_Information provided_:
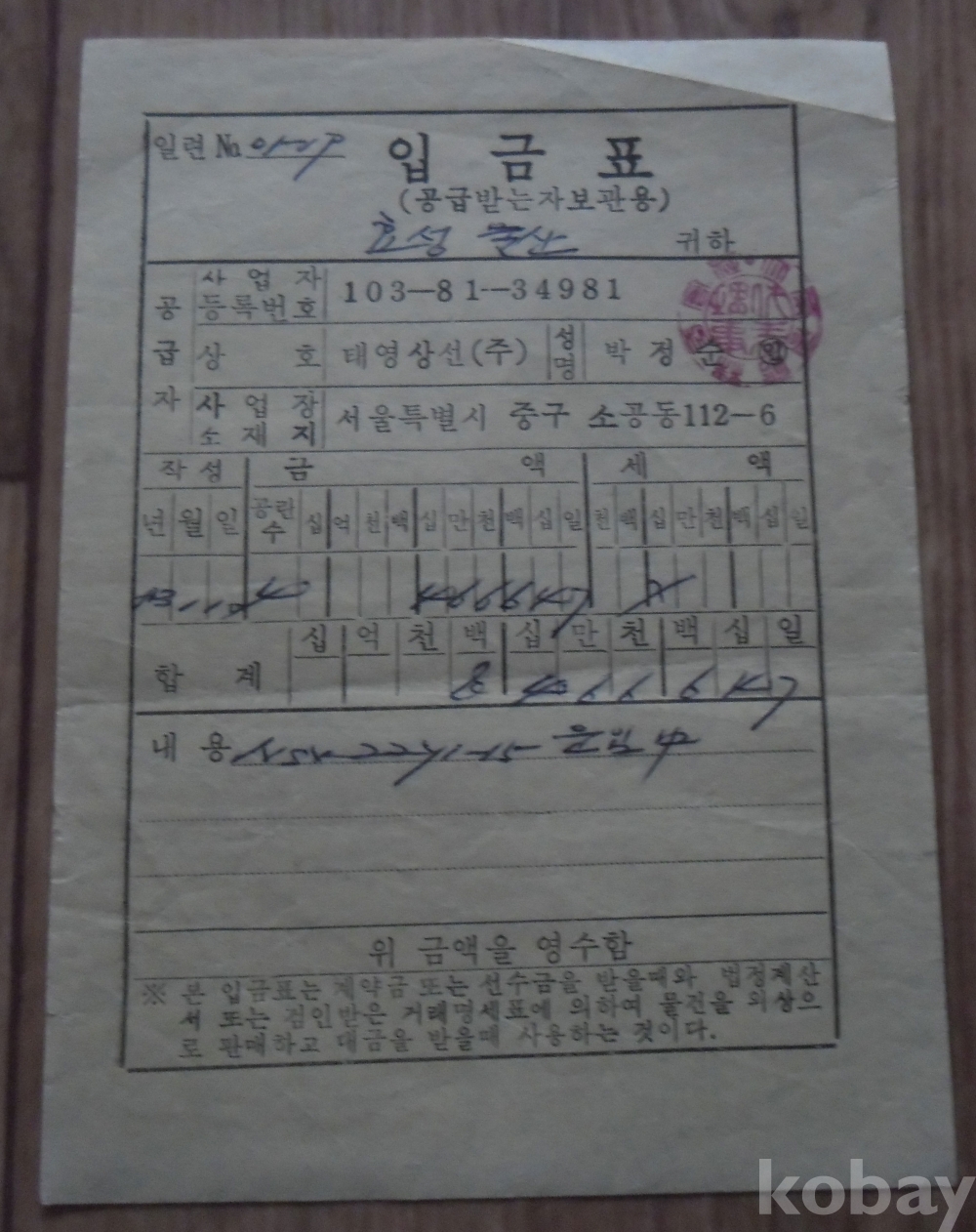영수증신청 : 수령확인시에 개인소득공제용 또는 사업자회원님의 지출증빙용(세금계산서대체)으로 신청하실 수 있습니다.
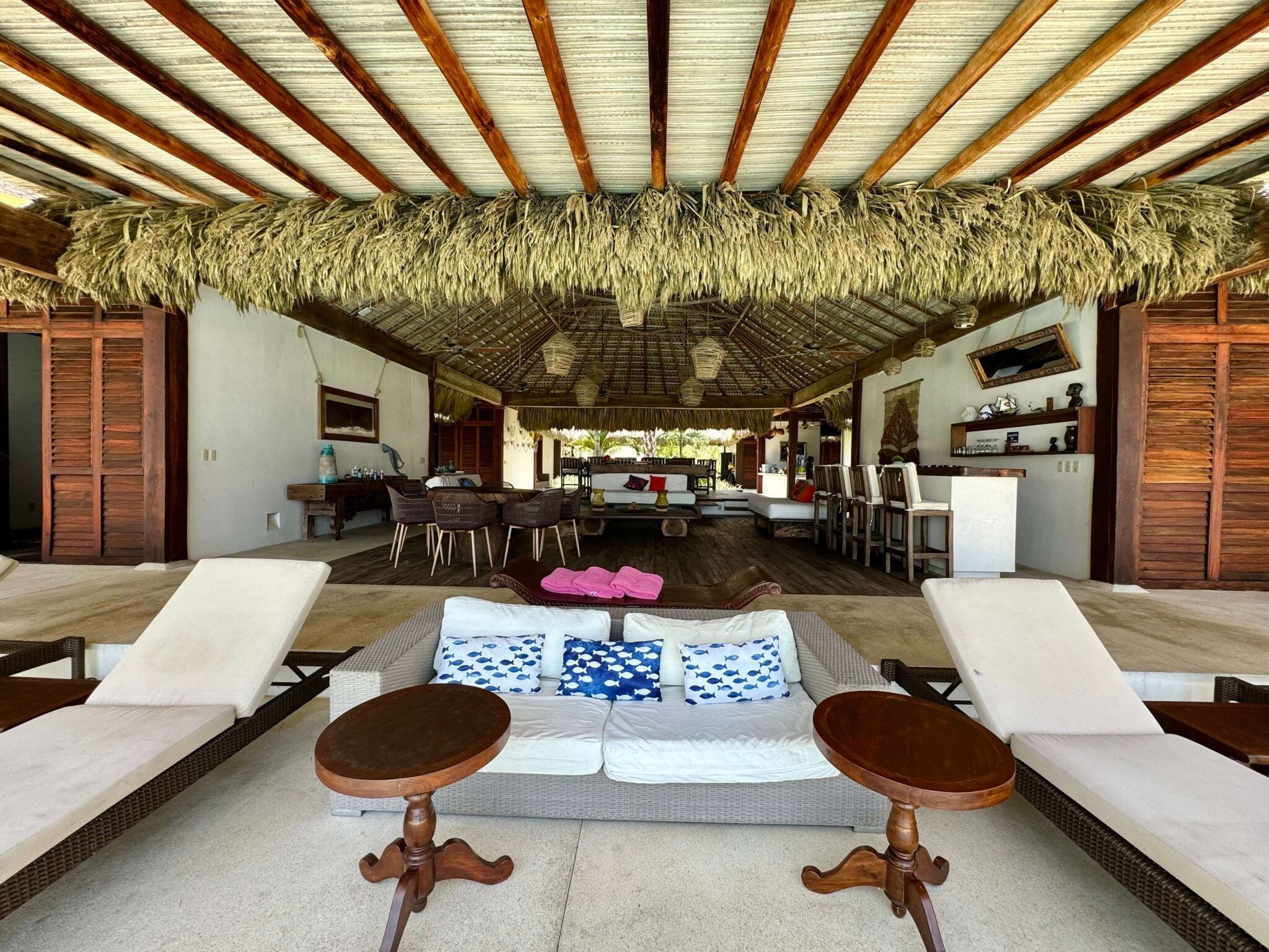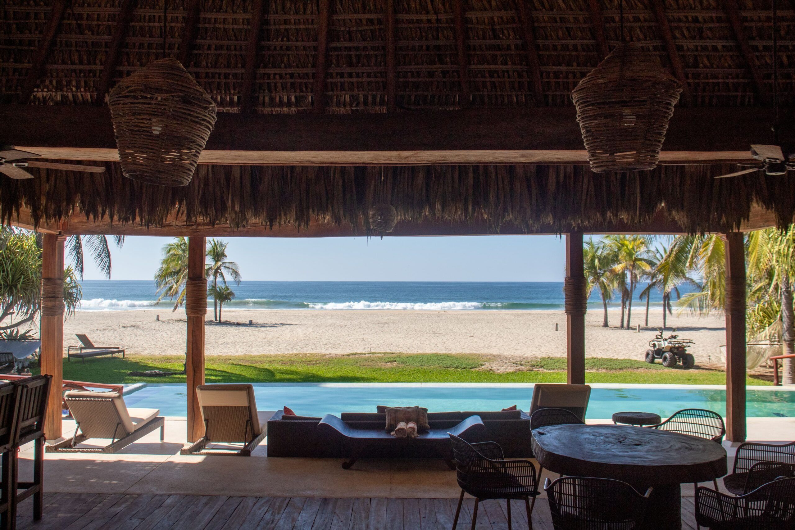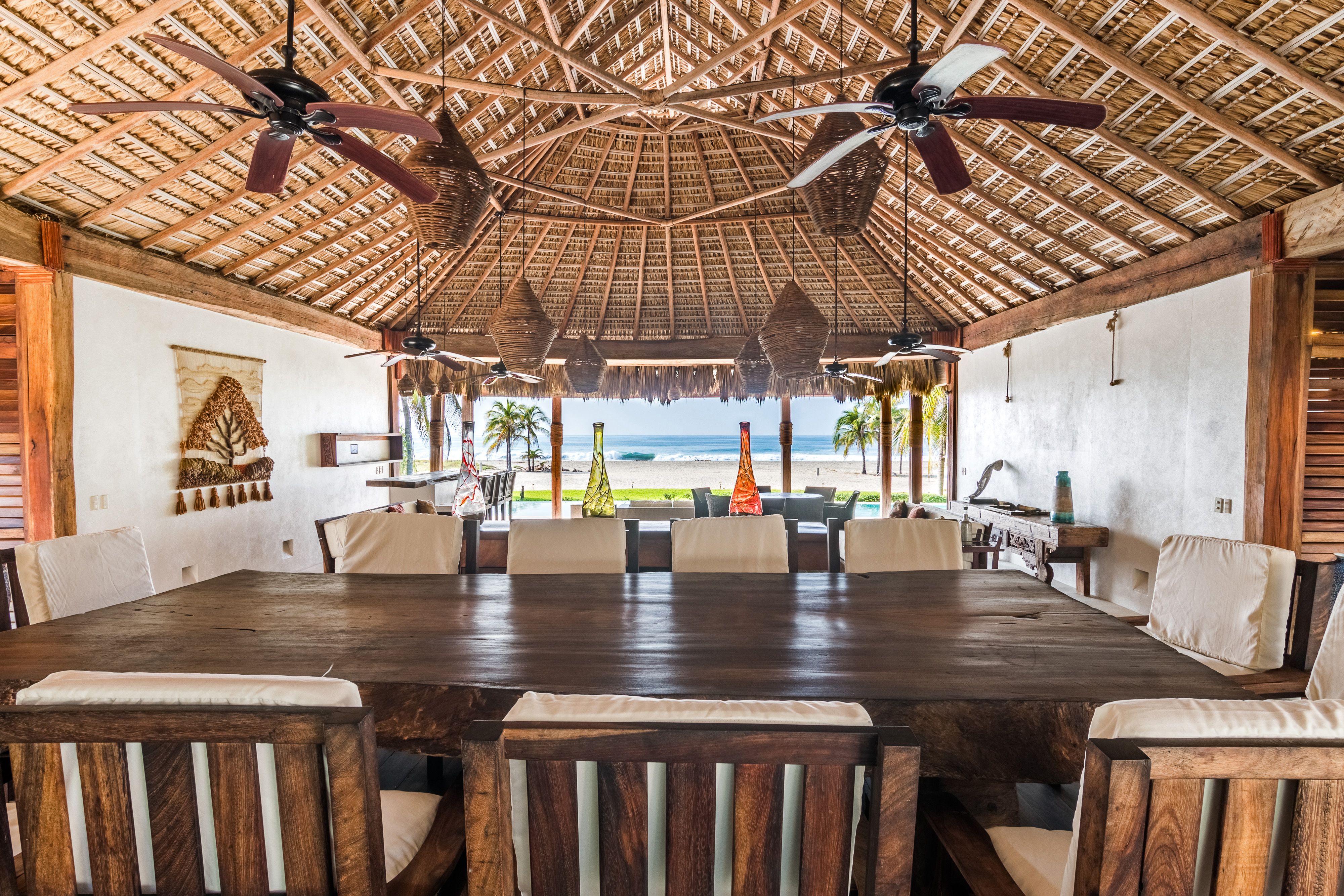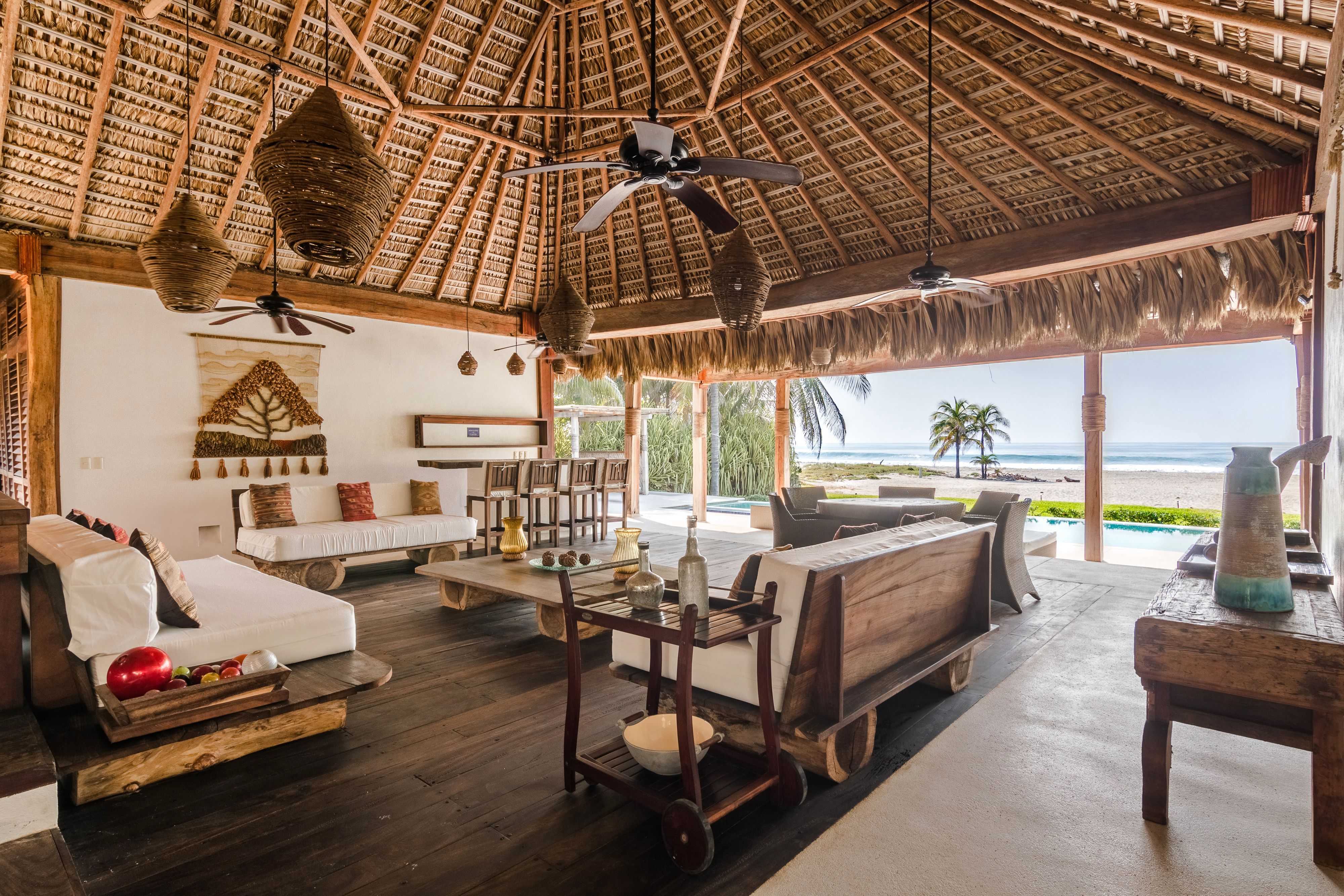 At this impressive home, nothing stands between you and the stunning Oaxacan coastline. Wake up to sea views from your bedroom (and maybe catch sight of the resident sea turtles). A dip in the pool or hot tub might be your idea of a perfect day, but there's the option of water sports on the semi-private beach, while little ones will love the indoor and outdoor play areas. Avid surfers, take note – you're just a short drive from the world-famous waves at Zicatela beach. You can also enjoy indulgent chef-prepared meals upon request for a fee.
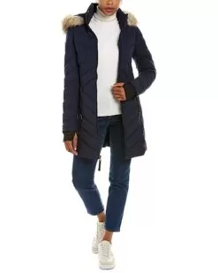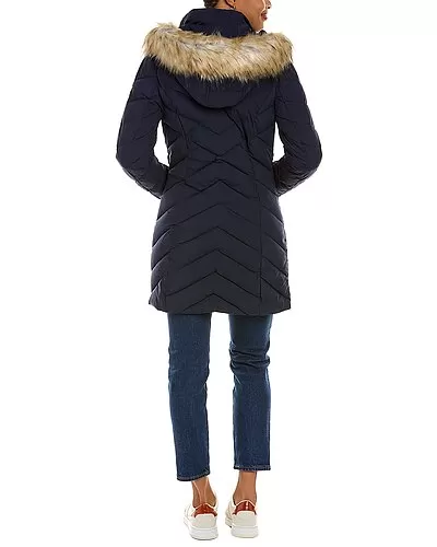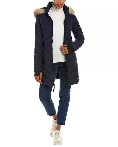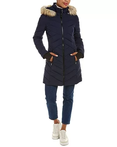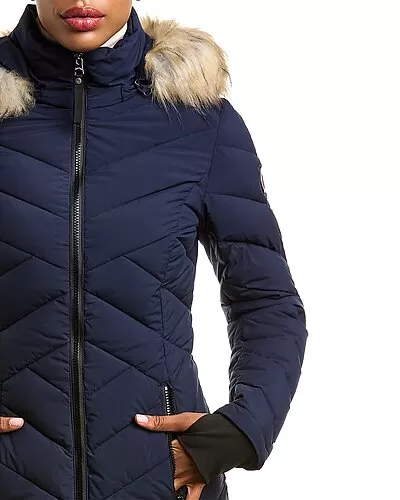 - Design details: puffer style, removable drawstring hood, faux fur trim, dual front zip pockets, and thumb holes at cuffs

_Work to be completed_: Once the pictures are set aside, restate the remaining data above exactly.

_Answer to this exercise_:
영수증신청 : 수령확인시에 개인소득공제용 또는 사업자회원님의 지출증빙용(세금계산서대체)으로 신청하실 수 있습니다.
 At this impressive home, nothing stands between you and the stunning Oaxacan coastline. Wake up to sea views from your bedroom (and maybe catch sight of the resident sea turtles). A dip in the pool or hot tub might be your idea of a perfect day, but there's the option of water sports on the semi-private beach, while little ones will love the indoor and outdoor play areas. Avid surfers, take note – you're just a short drive from the world-famous waves at Zicatela beach. You can also enjoy indulgent chef-prepared meals upon request for a fee.
 - Design details: puffer style, removable drawstring hood, faux fur trim, dual front zip pockets, and thumb holes at cuffs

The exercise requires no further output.